Every entry needs to be repeated exactly, with nothing left out.

• • • • •

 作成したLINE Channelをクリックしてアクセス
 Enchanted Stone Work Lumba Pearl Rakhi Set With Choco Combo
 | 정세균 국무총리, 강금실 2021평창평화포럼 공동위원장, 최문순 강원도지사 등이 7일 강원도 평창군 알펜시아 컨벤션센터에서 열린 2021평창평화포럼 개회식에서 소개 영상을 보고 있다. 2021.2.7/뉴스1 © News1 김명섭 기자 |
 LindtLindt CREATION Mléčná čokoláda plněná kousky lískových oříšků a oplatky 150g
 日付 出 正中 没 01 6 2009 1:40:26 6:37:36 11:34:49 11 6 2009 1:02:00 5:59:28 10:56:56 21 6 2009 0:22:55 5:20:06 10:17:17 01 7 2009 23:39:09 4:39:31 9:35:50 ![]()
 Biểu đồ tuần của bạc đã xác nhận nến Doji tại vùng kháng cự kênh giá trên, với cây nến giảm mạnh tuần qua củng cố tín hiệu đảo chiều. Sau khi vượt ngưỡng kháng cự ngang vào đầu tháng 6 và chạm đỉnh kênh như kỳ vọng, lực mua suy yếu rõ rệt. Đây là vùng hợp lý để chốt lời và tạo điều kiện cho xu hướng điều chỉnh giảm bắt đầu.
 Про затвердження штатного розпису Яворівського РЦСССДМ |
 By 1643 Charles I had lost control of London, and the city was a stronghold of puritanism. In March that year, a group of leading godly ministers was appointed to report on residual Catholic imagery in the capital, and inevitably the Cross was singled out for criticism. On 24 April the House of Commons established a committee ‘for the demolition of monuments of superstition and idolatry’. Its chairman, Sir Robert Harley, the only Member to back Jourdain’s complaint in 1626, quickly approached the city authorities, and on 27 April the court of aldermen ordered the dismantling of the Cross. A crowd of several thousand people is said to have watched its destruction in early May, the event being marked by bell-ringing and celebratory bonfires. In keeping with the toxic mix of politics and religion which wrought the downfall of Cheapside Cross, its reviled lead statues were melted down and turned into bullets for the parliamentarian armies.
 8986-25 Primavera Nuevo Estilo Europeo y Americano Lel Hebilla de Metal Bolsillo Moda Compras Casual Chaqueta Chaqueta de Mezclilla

• • • • •

Response:
 作成したLINE Channelをクリックしてアクセス
 Enchanted Stone Work Lumba Pearl Rakhi Set With Choco Combo
 | 정세균 국무총리, 강금실 2021평창평화포럼 공동위원장, 최문순 강원도지사 등이 7일 강원도 평창군 알펜시아 컨벤션센터에서 열린 2021평창평화포럼 개회식에서 소개 영상을 보고 있다. 2021.2.7/뉴스1 © News1 김명섭 기자 |
 LindtLindt CREATION Mléčná čokoláda plněná kousky lískových oříšků a oplatky 150g
 日付 出 正中 没 01 6 2009 1:40:26 6:37:36 11:34:49 11 6 2009 1:02:00 5:59:28 10:56:56 21 6 2009 0:22:55 5:20:06 10:17:17 01 7 2009 23:39:09 4:39:31 9:35:50 ![]()
 Biểu đồ tuần của bạc đã xác nhận nến Doji tại vùng kháng cự kênh giá trên, với cây nến giảm mạnh tuần qua củng cố tín hiệu đảo chiều. Sau khi vượt ngưỡng kháng cự ngang vào đầu tháng 6 và chạm đỉnh kênh như kỳ vọng, lực mua suy yếu rõ rệt. Đây là vùng hợp lý để chốt lời và tạo điều kiện cho xu hướng điều chỉnh giảm bắt đầu.
 Про затвердження штатного розпису Яворівського РЦСССДМ |
 By 1643 Charles I had lost control of London, and the city was a stronghold of puritanism. In March that year, a group of leading godly ministers was appointed to report on residual Catholic imagery in the capital, and inevitably the Cross was singled out for criticism. On 24 April the House of Commons established a committee ‘for the demolition of monuments of superstition and idolatry’. Its chairman, Sir Robert Harley, the only Member to back Jourdain’s complaint in 1626, quickly approached the city authorities, and on 27 April the court of aldermen ordered the dismantling of the Cross. A crowd of several thousand people is said to have watched its destruction in early May, the event being marked by bell-ringing and celebratory bonfires. In keeping with the toxic mix of politics and religion which wrought the downfall of Cheapside Cross, its reviled lead statues were melted down and turned into bullets for the parliamentarian armies.
 8986-25 Primavera Nuevo Estilo Europeo y Americano Lel Hebilla de Metal Bolsillo Moda Compras Casual Chaqueta Chaqueta de Mezclilla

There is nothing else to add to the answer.